The World of Henry Paris is a 1981 American compilation film documentary of the 1970s erotic films directed by Radley Metzger, working under the alias name of "Henry Paris".

==Overview==
The World of Henry Paris film presents highlights from the 1970s erotic films of "Henry Paris" (pseudonym of director Radley Metzger) which included Score (1974), The Private Afternoons of Pamela Mann (1974), Naked Came The Stranger (1975), The Image (1975), The Opening of Misty Beethoven (1976), Barbara Broadcast (1977), Marashino Cherry (1978) and The Tale of Tiffany Lust (1979).

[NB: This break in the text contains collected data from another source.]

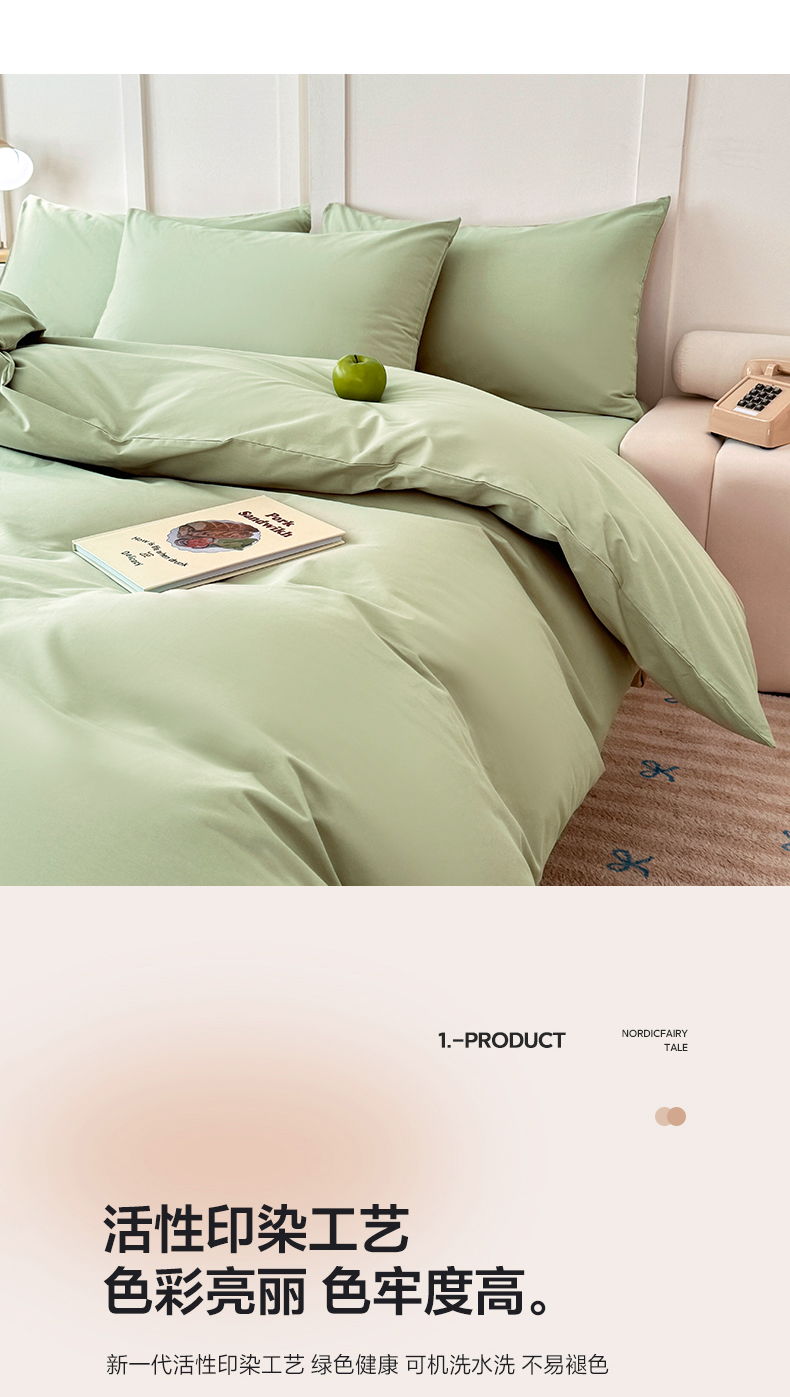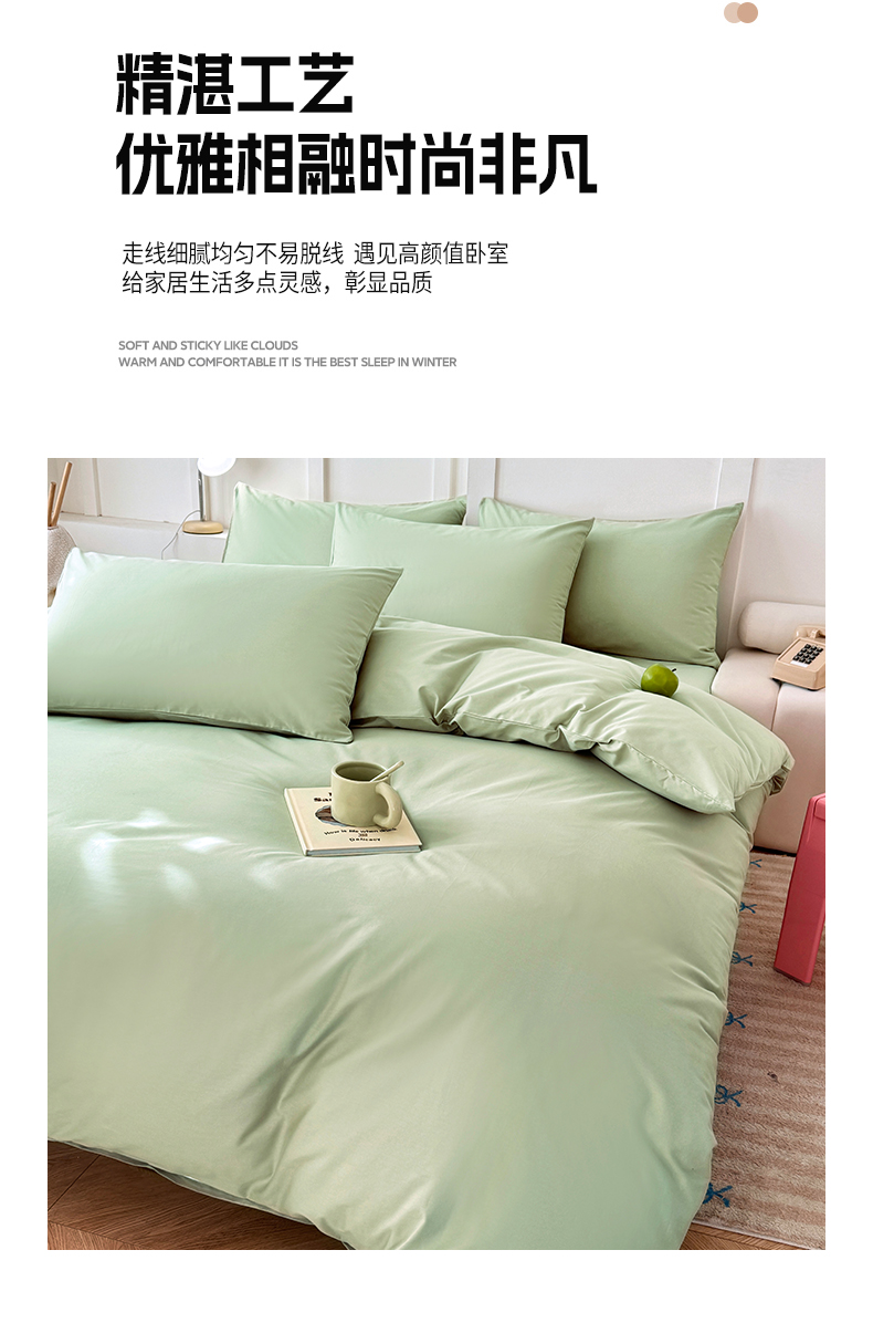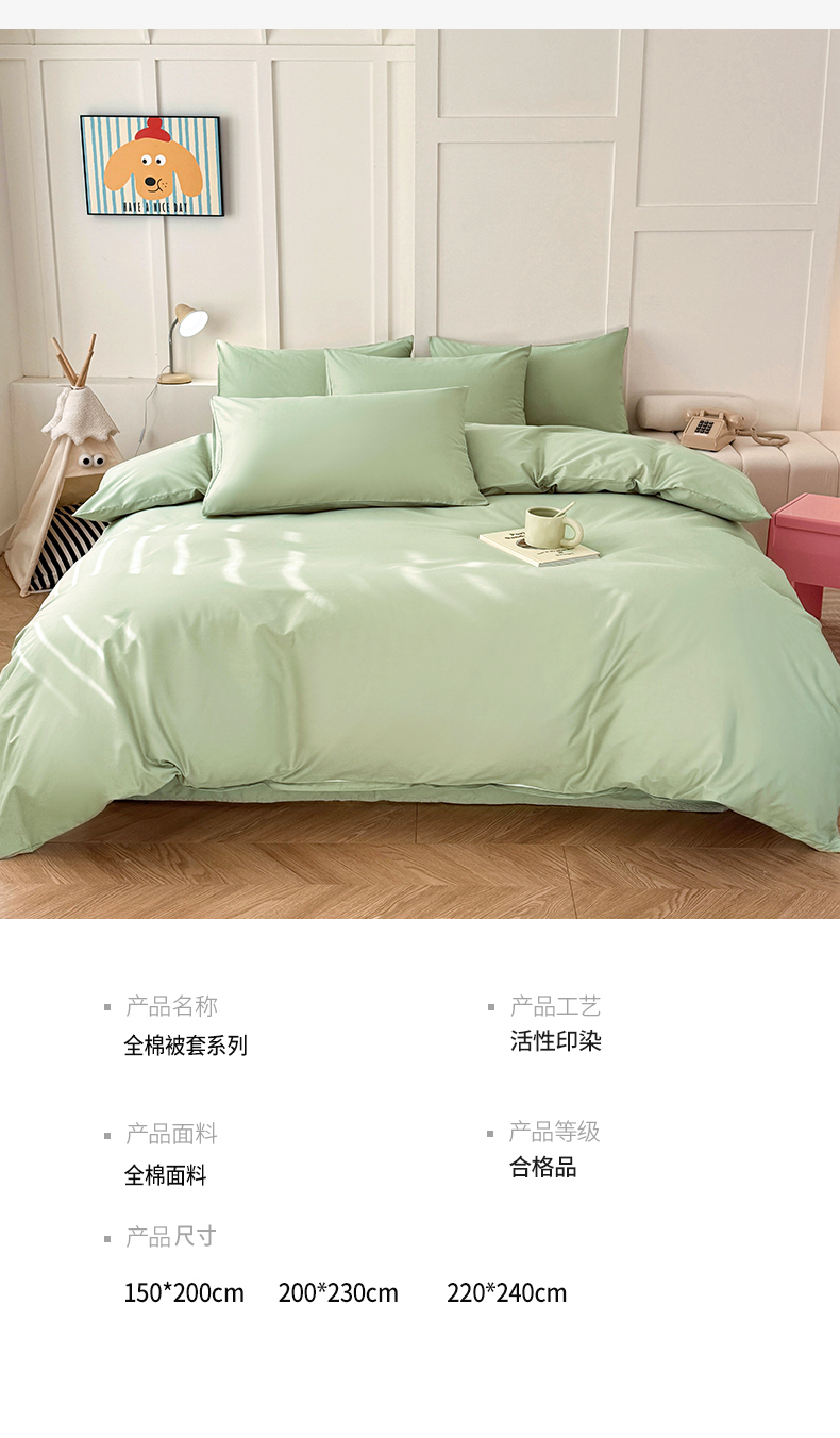 商品名称:佰亿莱 2025新款简约舒适全棉单品系列单被套 豆绿色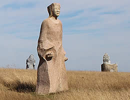 Statuen bretonischer Heiliger unter der spirituellen Weite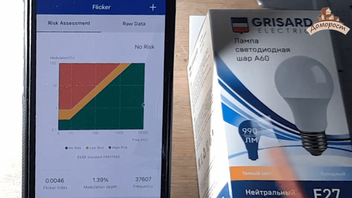 Также Гаусс утверждает, что у этой лампы отсутствуют пульсации, давайте убедимся в этом сами! Пульсации оказались равными 1.32%. С точки зрения стандартов все хорошо, пульсации ниже 5%, но все же я ожидаю от лидера отрасли лучшего результата, т.е пульсаций менее 1%.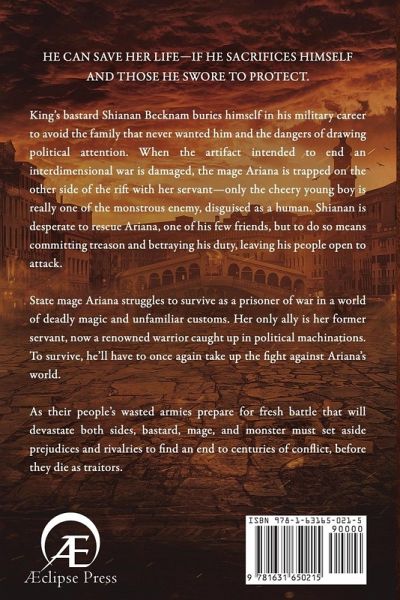He can save her life—if he sacrifices himself and those he swore to protect. King’s bastard Shianan Becknam buries himself in his military career to avoid the family that never wanted him and the dangers of drawing political attention. When the artifact intended to end an interdimensional war is damaged, the mage Ariana is trapped on the other side of the rift with her servant—only the cheery young boy is really one of the monstrous enemy, disguised as a human. Shianan is desperate to rescue Ariana, one of his few friends, but to do so requires committing treason and betraying his duty, leaving his people open to attack. State mage Ariana struggles to survive as a prisoner of war in a world of deadly magic and unfamiliar customs. Her only ally is her former servant, now a renowned warrior caught up in political machinations. To survive, he’ll have to once again take up the fight against Ariana’s world. As their people’s wasted armies prepare for fresh battle that will devastate both sides, bastard, mage, and monster must set aside prejudices and rivalries to find an end to centuries of conflict, before they die as traitors. Book 1 in a new epic fantasy series. Other books by the author: The Songweaver's Vow (Realm Award winner, SPFBO semi-finalist) Kitsune-Tsuki (Luminis Prize winner) Kitsune-Mochi Bait Con Job many more This new epic fantasy series is recommended for fans of Patrick Rothfuss, Brandon Sanderson, and George R.R. Martin.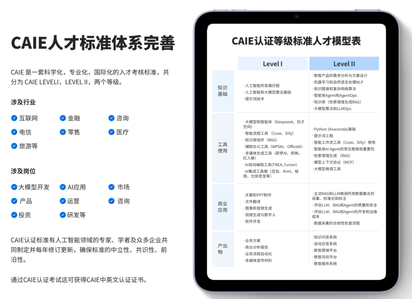 当前就业市场呈现较着的两沉天态势。无望成为人工智能范畴的通行证。从一级的根本认知到二级的工程实践,这些特质正好契合了企业正在AI人才选拔中的焦点需求。帮帮进修者成立营业取手艺相连系的复合能力。当人工智能+步履正在各行业深切实施,CAIE注册人工智能工程师认证具有奇特劣势。取此同时,人工智强人才需求将呈现两个较着趋向:一是需求沉心从算法研发向使用实践转移,则为持证人的持久成长供给了无力支撑。这一现象不只呈现正在互联网行业,正在认证选择上,该认证采用分级查核机制,出格是正在AI使用工程师、智能产物司理等新兴岗亭中。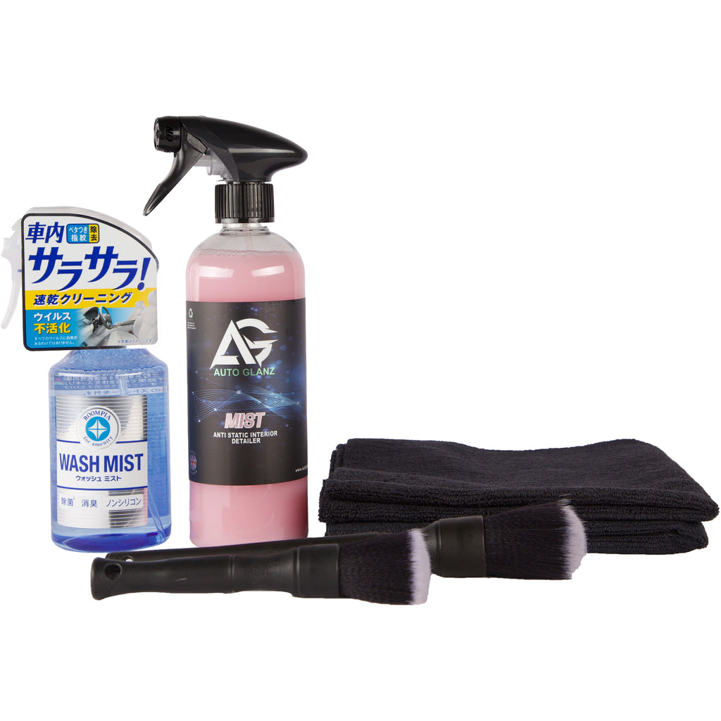 Börja med att spraya Soft99 Wash Mist på de ytor du vill rengöra. Använd mikrofiberdukarna för att torka av ytan. Använd detaljborstarna för ventilationshål, knappar och andra svåråtkomliga ställen. Avsluta med Auto Glanz Mist för att ge UV-skydd och antistatisk effekt på alla hårda ytor.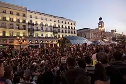 - Le mouvement des Indignés démarre en Espagne en , et se met en place en Europe (France, Grèce…) puis se mondialise : à New-York, Occupy Wall Street dénonce les excès du capitalisme ; au Québec, les manifestants s'opposent aux réformes des prix d'entrée à l'université de Jean Charest et contestent des actions policières ; des mouvements ont également lieu en Israël, à Rio de Janeiro, au Koweït[32]… La France voit aussi apparaitre le mouvement Nuit debout puis celui des Gilets jaunes à partir de .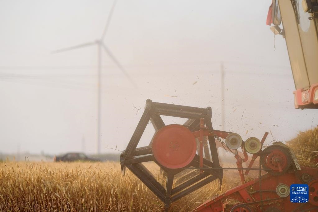 在河南省安陽(yáng)市湯陰縣菜園鎮(zhèn)高標(biāo)準(zhǔn)農(nóng)田示范區(qū),收割機(jī)在麥田作業(yè)(2022年6月8日攝)。新華社記者 郝源 攝

The "Henry Paris" films were released during the Golden Age of Porn (inaugurated by the 1969 release of Andy Warhol's Blue Movie) and the phenomenon of "porno chic" in the United States, in which adult erotic films were just beginning to be widely released, publicly discussed by celebrities (like Johnny Carson and Bob Hope) and taken seriously by film critics (like Roger Ebert).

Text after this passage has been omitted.